There are a few guarantees in life: Taxes will be paid, the sun will rise and fall, and until this week, you could count on Anna’s Tap, a corner bar located on South 18th and West Grant streets, being open.

“Every single day, including Thanksgiving and Christmas,” said Samantha Ritchie, who took over the bar after her mother, Helen, died 13 years ago. The bar has probably been open every day for more than 30 years, she said.

That changed Tuesday when the City of Milwaukee ordered all taverns and restaurants to close, bowing to COVID-19 concerns.

Delivery, carryout and curbside pickup are still allowed, although that won’t help corner bars like Anna’s, which don’t serve food. The shutdown on taverns was extended statewide by Gov. Tony Evers later that day.

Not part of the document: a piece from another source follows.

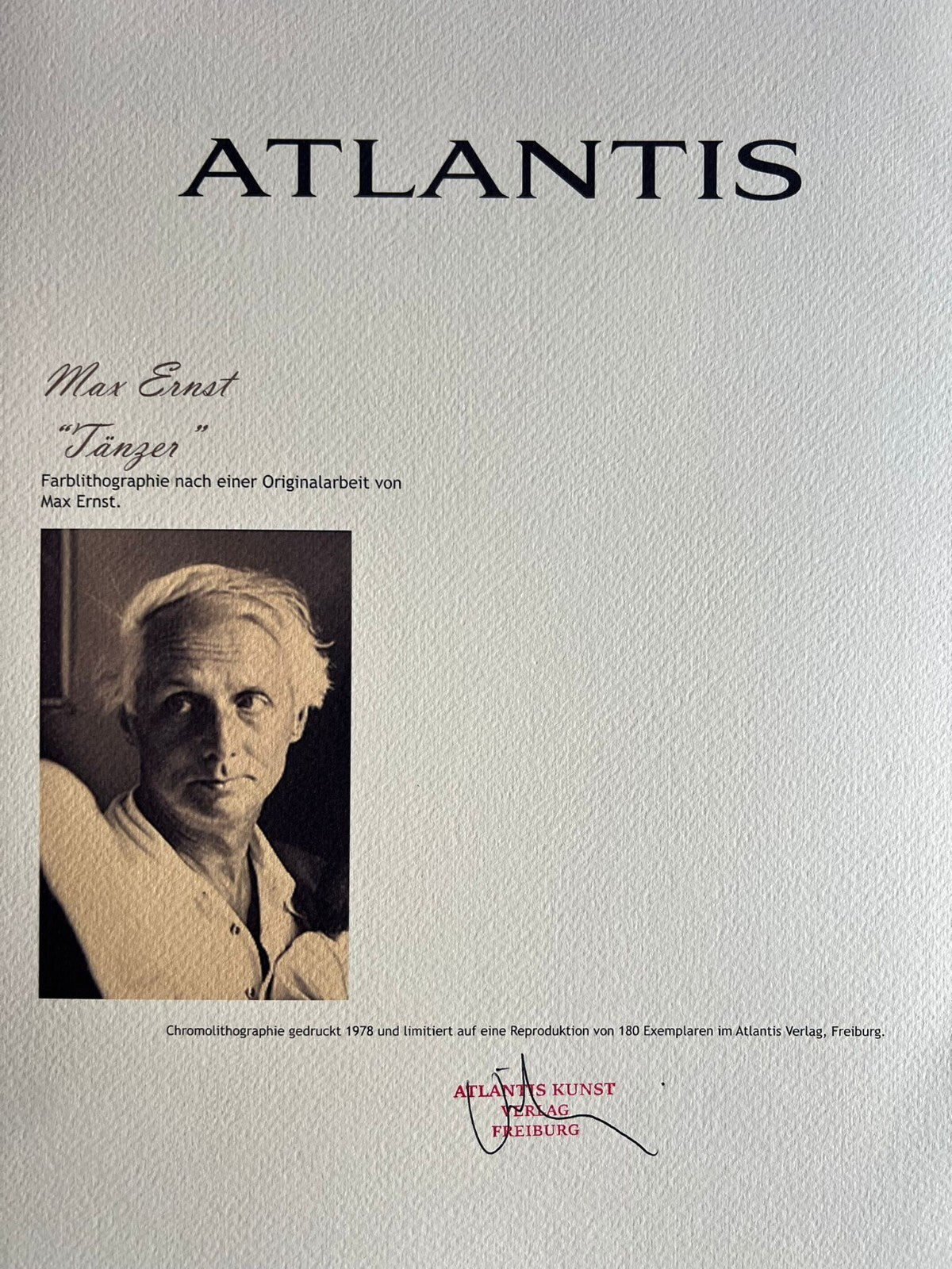 Chromolithography printed in 1978 in 180 specimens by Atlantis Verlag, Freiburg

According to data from the City of Milwaukee, there are 917 businesses with active tavern licenses. Although many are restaurants that also serve alcohol or businesses that provide other services, a large number are corner bars that survive on thin margins like other small businesses.

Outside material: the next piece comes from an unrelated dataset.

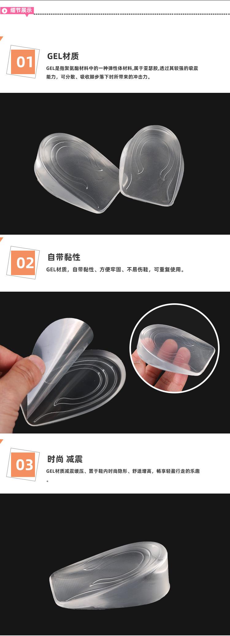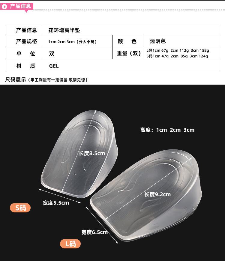 Material de calzado al por mayor PVC7CM plantilla interior invisible ajustable de tres capas que aumenta la altura plantilla invisible que aumenta la altura

“Everyone is worried about their rent, food and the bills,” said Ritchie, a mother of three. “Most of us in the bar business don’t have a lot to save, so we rely on the money we make each month to pay the bills.”

So as restaurants and “bar and grills” scurried to implement food and alcohol delivery and pickup options as a way to stay afloat and keep their employees working during the shutdown, many taverns simply shut their doors.

“We had no choice. Reality hit us hard that day,” Ritchie said.

Two blocks east of Anna’s, Enrique Terrones, owner of Primo’s Place, 1631 W. Grant St., also is feeling the pinch. Terrones opened his bar 26 years ago and is now looking for work so that he can pay his bills while the bar is closed. Even that is a struggle.

“I do some roofing and I’ve also worked in kitchens as a cook, but there’s none of that work now either,” he said. “The virus is affecting everything.”

By the time bars can reopen for business, he hopes it’s not too late.

“I plan to reopen and see if we can make it and if not, I’ll have to put a for sale sign up,” Terrones said.

There could be some help on the way. On Wednesday, the Wisconsin Economic Development Corporation announced the creation of a $5 million program to provide grants of up to $20,000 for small businesses with no more than 20 employees.

The funds are meant to help cover rent and payroll expenses, including paid leave, according to the Wisconsin Economic Development Corporation website.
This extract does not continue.